Firstly, mix warm water and lemon juice in a jug and pour into the carafe of your coffee maker, let this mix sit in the coffee maker for 15-20 minutes to ensure the lemon juice mix takes all of the residue acid and coffee off the sides.
Once this has finished, yes, you’ve guessed it! Run your coffee maker twice with just warm water; otherwise, you’ll be having a zesty coffee for the next few brews!
5 Cleaning Your Coffee Maker With Baking Soda
We couldn’t have a guide on how to clean your coffee maker and leave off baking soda. The denture tablets above have bicarbonate sodium in them which, is baking soda! So why not use baking soda itself to clean your coffee maker.
If you could hazard a guess as to how we are going to do this method, you’d probably be right.
Mix warm water and baking soda and add to your coffee machine, let sit for 15 minutes so the soda can scrub the acid thoroughly off your coffee maker. Then, run this mix once through your maker.
To finish, complete 2 cycles with just warm water through your coffee maker to get rid of any residue baking soda, that would be an unpleasant taste in your coffee!
There are plenty of other alternatives to the above. Using the same method of mixing first and running through your coffee maker, you could use hydrogen peroxide, CLR, or muriatic acid. Remember, these are corrosive elements, so make sure you keep away from children and try to wear kitchen gloves for safety purposes. Always mix acid into water and not the other way around.

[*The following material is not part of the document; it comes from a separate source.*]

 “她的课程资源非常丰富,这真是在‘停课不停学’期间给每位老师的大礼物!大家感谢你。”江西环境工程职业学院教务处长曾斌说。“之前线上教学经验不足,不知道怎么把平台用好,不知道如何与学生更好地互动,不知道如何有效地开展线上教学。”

The acids mentioned above will be beneficial to use if your coffee maker is looking horrific, and the previously mentioned methods aren’t working. Having said that, if you clean your coffee maker once a month as mentioned at the start of the blog, I don’t think you’d ever find yourself in a situation where you need to use muriatic acid to clean your coffee maker. These methods carry more risk to you and your coffee maker than using something like lemon juice or salt.
Frequently Asked Questions:
Is it Just as Important to Clean the Outside of my Coffee Maker?

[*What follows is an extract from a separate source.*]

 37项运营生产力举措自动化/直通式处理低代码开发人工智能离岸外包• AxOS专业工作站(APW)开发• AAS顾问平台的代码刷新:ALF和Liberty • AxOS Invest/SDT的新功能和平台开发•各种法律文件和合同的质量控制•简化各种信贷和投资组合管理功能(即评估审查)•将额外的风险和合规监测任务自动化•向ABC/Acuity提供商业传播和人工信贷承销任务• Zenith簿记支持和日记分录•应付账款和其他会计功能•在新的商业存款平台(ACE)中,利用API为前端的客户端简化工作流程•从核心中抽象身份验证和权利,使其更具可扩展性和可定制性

In short, no, it isn’t as important to clean the outside of your coffee maker. However, I’d still recommend you do this.
The methods above which clean the inside of your coffee maker are vital to do if you care at all about how nice your coffee tastes. This is because these methods are cleaning the parts of your coffee maker that your coffee runs through directly.
For me, cleaning the outside of my coffee is more of a regular habit and something I do for the aesthetics of my coffee maker. If you have guests over and they see your coffee maker from the outside has stains and looks dirty, I don’t think they’d feel comfortable drinking one of your awesome brews, even if you have cleaned the inside with baking soda or any other method above.
I’d recommend using warm soapy water and a cloth just to give your coffee maker a once over to make sure the outside is clean. I usually do this once a week, or if I notice any spillages or stains on my coffee maker, they need to go instantly.
Will my Coffee Taste Bad After Using any of the Above Methods?
On all the above methods and even if you use another cleaning method, always, and I mean always, run warm water through your coffee maker twice to ensure you remove any excess cleaning products from the inside.
The whole reason we clean our coffee makers is that the acid from coffee will stick to the sides and eventually build up. The same can happen when using something like salt or baking soda, which, as you can imagine, would result in one horrible tasting cup of coffee.